Apalagi saat itu Chanyeol melumuri pedangnya dengan wolfsbane dengan alasan agar pertarungan mereka adil, Yifan ingat seluruh tubuhnya mati rasa setiap kali Chanyeol berhasil melukainya dengan pedang yang berlumuran dengan ramuan wolfsbane. Mengingat pertarungan itu membuat Yifan sedikit resah, Chanyeol mungkin tentara manusia yang dilatih untuk menggunakan pistol dan senapan namun kemampuan pedang Chanyeol cukup baik bahkan hampir menyaingi dia. Yifan semakin erat mencengkram pedangnya menahan amarahnya mengingat hal itu, Yifan mengakui Chanyeol adalah lawan yang berbahaya baginya. Apabila dia ingin berduel lagi bersama Chanyeol sebaiknya dia menggunakan teknik yang berbeda dan lebih rapih dri sebelumnya.

“Baiklah, jika aku menang aku ingin kau meninggalkan kerajaanku untuk selamanya dan jangan pernah menginjakan lagi kakimu dikerajaan ini.”

“Aku setuju, tapi jika aku menang aku akan membawa Sena,Nari dan Eunji kembali ke daerah manusia.” Chanyeol mengajukan keinginannya.

Yifan sedikit terkejut mendengar keinginan Chanyeol, dia tidak mungkin membiarkan istrinya,Nari dan Euji kembali ke daerah manusia. Yifan cukup yakin mereka akan menderita disana, hal itu membuat Yifan ragu namun dibandingkan melanjutkan perang dan menumpahkan lebih banyak darah rakyatnya Yifan harus mengambil resiko. Dia harus berani, dia bukan hanya seorang suami dan ayah namun dia juga seorang raja itu artinya dia harus bertanggung jawab juga terhadap rakyatnya. Yifan melirik kearah Sehun, melihat tatapan itu Sehun mengerti jika ayahnya akan menerima tantangan duel Chanyeol membuat Sehun langsung protes.
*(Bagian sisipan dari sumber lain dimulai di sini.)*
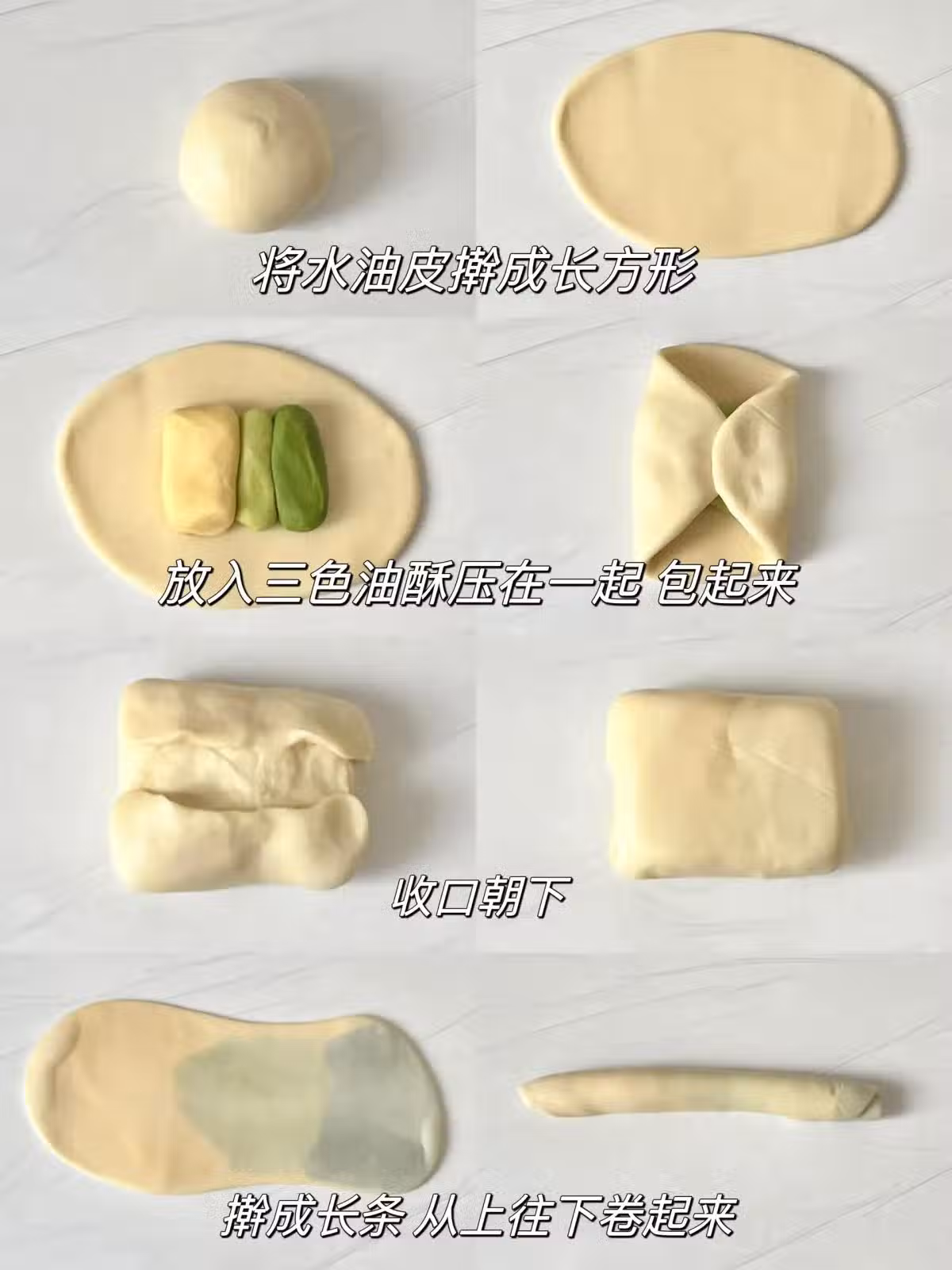 5️⃣將卷從中間往兩邊擀長至60厘米左右,從顏色深的一邊開始卷,放入冰箱冷凍15分鐘,取出從中間切開,切面朝下壓扁,擀開(確保中心點,不要擀偏了)放入餡料包起來,用刮板側面壓出小花的形狀,中間用筷子戳洞放入黃色麵糰,用牙籤扎小洞

“Pa, setidaknya biarkan aku yang melawan dia.” Sehun mencoba berkompromi dengan ayahnya namun Yifan menggelengkan kepalanya.

“Ini urusan aku dan Chanyeol, Sehun sebaiknya kau mencari Byeol, Luhan dan Jongin mereka belum kembali dari danau suci.” Yifan menyuruh, Sehun kelihatan tidak setuju dengan perintah ayahnya namun dia tidak bisa membantah juga sehingga dia menganngguk dan pergi menuju arah danau suci sambil menunggangi kudanya.

Setelah Sehun pergi cukup jauh Yifan menghunuskan pedangnya kearah Chanyeol menandakan jika dia menerima tantangan Chanyeol. Tanpa menghabiskan waktu banyak Chanyeol langsung menyerang kearah Yifan, Yifan cukup tangkas menahan serangan Chanyeol dengan pedangnya. Yifan mundur beberapa kalah menghindari serangan Chanyeol yang cepat dan berbahaya, jika Yifan lengah sedikit dia yakin pedang Chanyeol akan melukainya. Chanyeol kelihatannya merasakan ketegangan Yifan mungkin dia harus mengintimidasi lelaki itu dan membiarkan Yifan tidak fokus.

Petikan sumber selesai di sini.